Grant had now changed his plan of campaign. He determined to capture
Petersburg by a _coup_ and cut the communication of Lee and Richmond
with the South. The _coup_ failed. The ragged remnants of Lee's army
which had been left there to defend it, held the trenches until
reinforcements arrived.
He determined to take it by a resistless concerted assault. On the 16th
he threw three of his army corps on Beauregard's thin lines before
Petersburg, capturing four redoubts. At daylight, on the 17th, he again
hurled his men on Beauregard and drove his men out of his first line of
defense. All day the defenders held their second line, though Grant's
crack divisions poured out their blood like water.

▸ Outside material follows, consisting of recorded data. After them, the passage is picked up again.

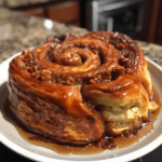 A Giant Gooey Cinnamon Roll is the kind of indulgent, bakery-style treat that instantly turns an ordinary morning into a celebration. Soft, buttery dough spirals around layers of cinnamon sugar, melting into a gooey centre while the outside bakes into a golden, tender crust. This oversized roll is perfect for sharing—though you may not want to. One thing I appreciate about this recipe is its flexibility; when I once ran out of regular milk, I used almond milk for the dough, and the rise and texture still came out beautifully soft. Whether you serve it warm from the oven on a weekend morning, bring it to brunch, or make it for a holiday breakfast, this cinnamon roll guarantees sweet aromas, impressive presentation, and unforgettable flavour.
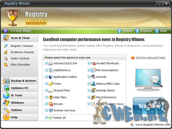 С использованием Registry Winner на регулярной основе ваша система будет поразительно стабильна. Registry Winner сканирует весь компьютер на возможные ошибки, которые ведут к проблемам в реестре. Происхождение у них может быть разное, но для программы это не имеет значения – она справиться со всем легко и быстро.
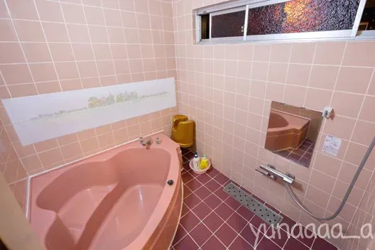 浴室はピンク系のタイルで統一されていて、バスタブは半身浴をするにも良さそうな構造です。
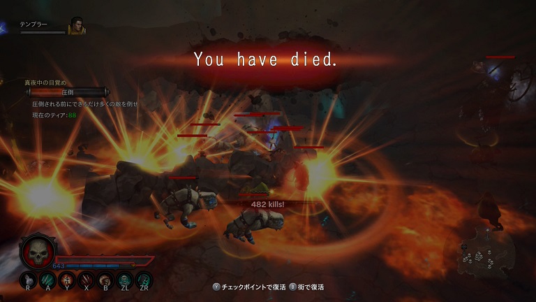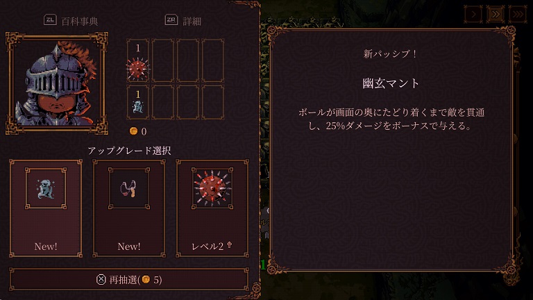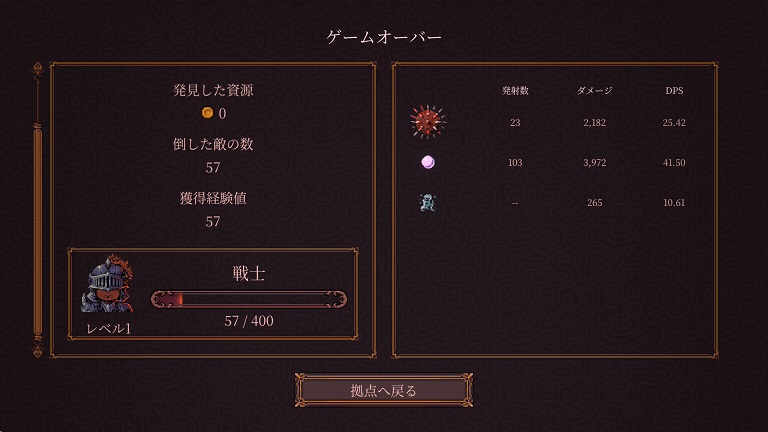 キャラがレベルアップ。3つの強化先が出て、選んでいくことで強くなります。んで。ゲームオーバーになりますと、
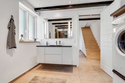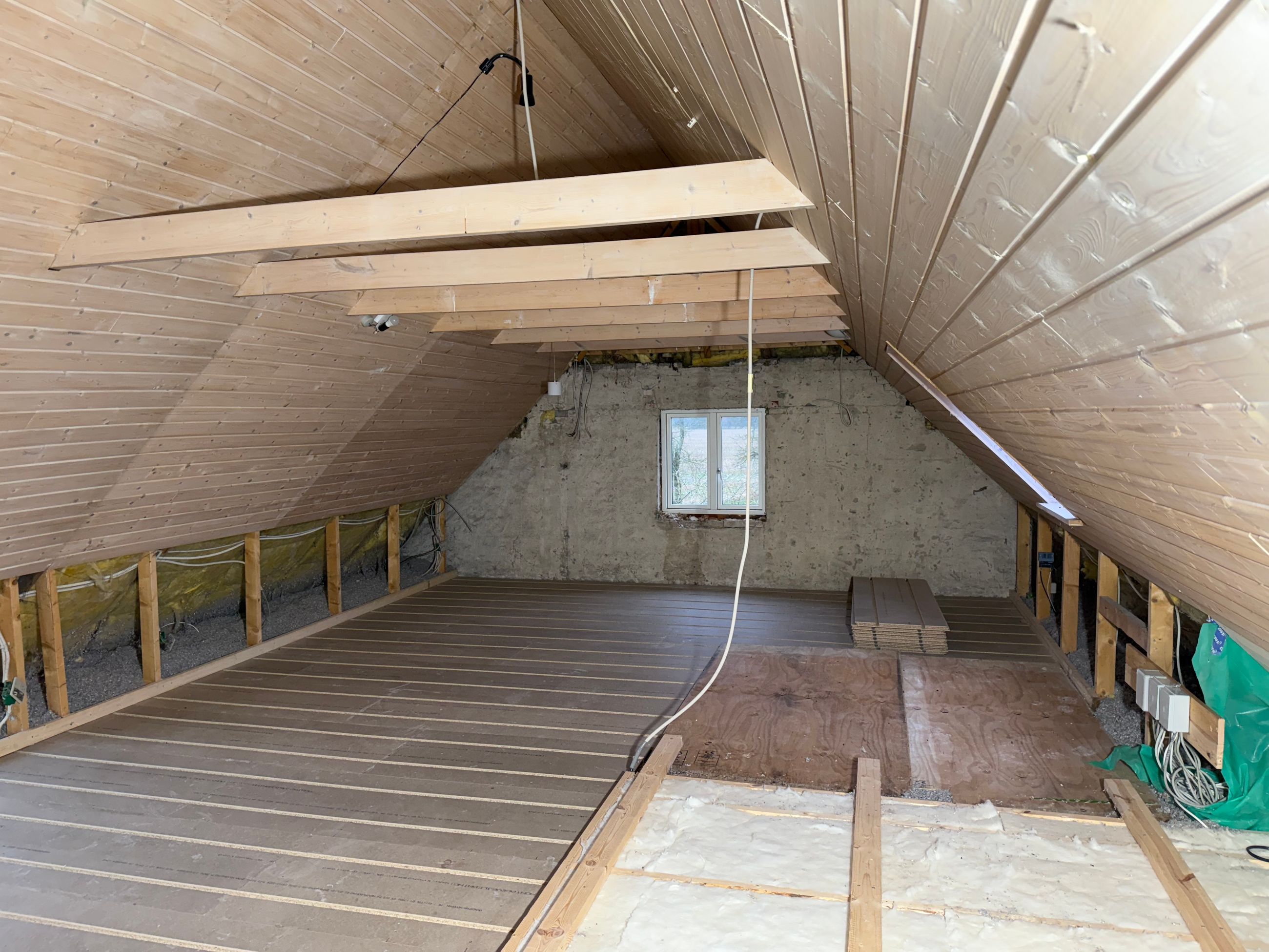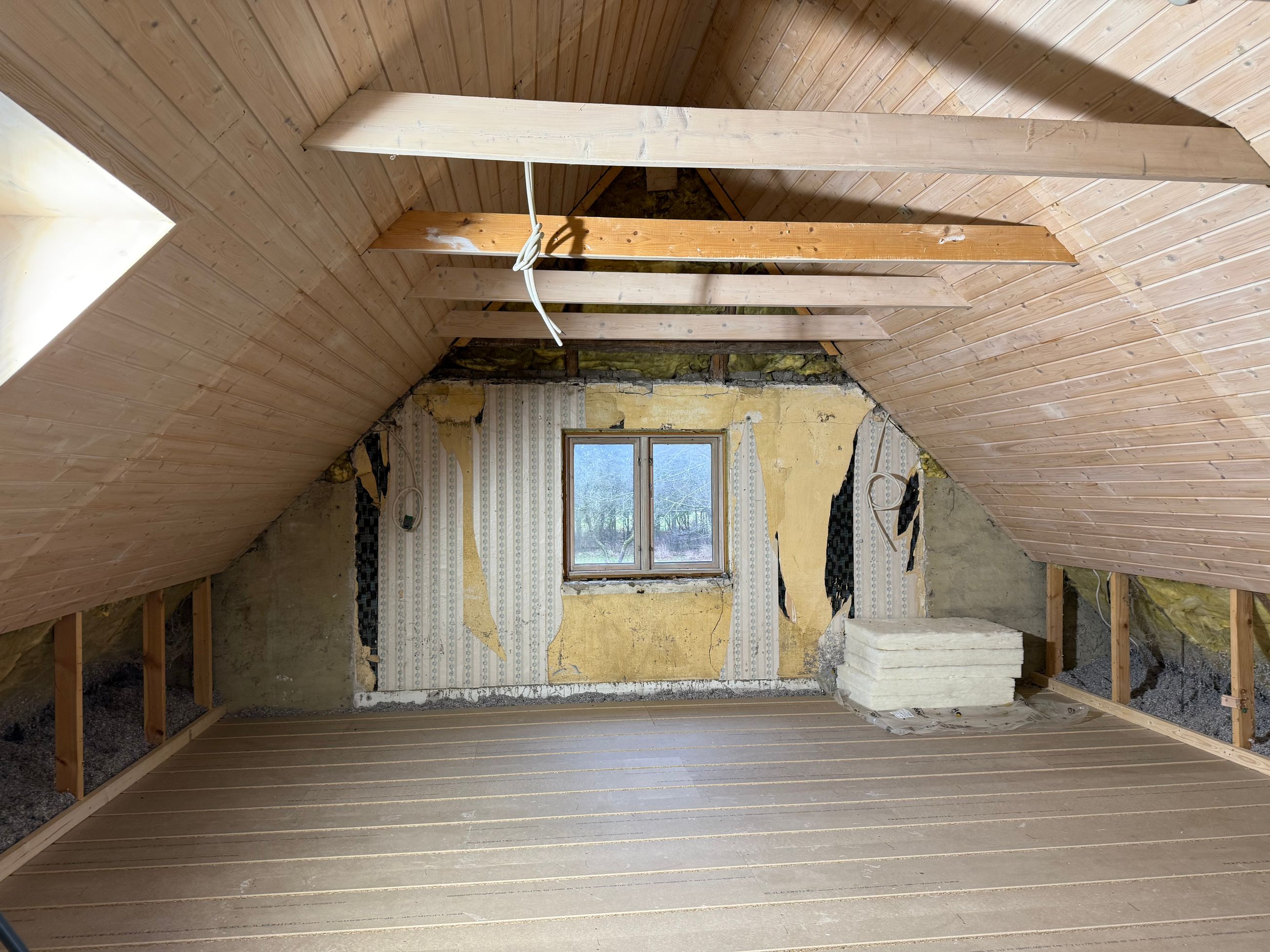 Førstesalen fremstår som et råt loftrum, klar til at blive udnyttet efter behov. Der foreligger et forslag til plantegning, som viser mulighed for etablering af bl.a. værelser og badeværelse.

As night fell the
dead were once more piled high on the Federal front and the Confederate
dead filled the trenches.
As the third day dawned the fierce, assault was renewed, but Lee had
brought up Anderson's Corps with Kershaw and Field's division and the
blue waves broke against the impregnable grey ranks and rolled back,
leaving the dead in dark heaps.
As the shadows of night fell, Grant withdrew his shattered lines to
their trenches.
_He had lost ten thousand five hundred more men and had failed._
He began to burrow his fortifications into the earth around Petersburg
and try by siege what had been found impossible by assault.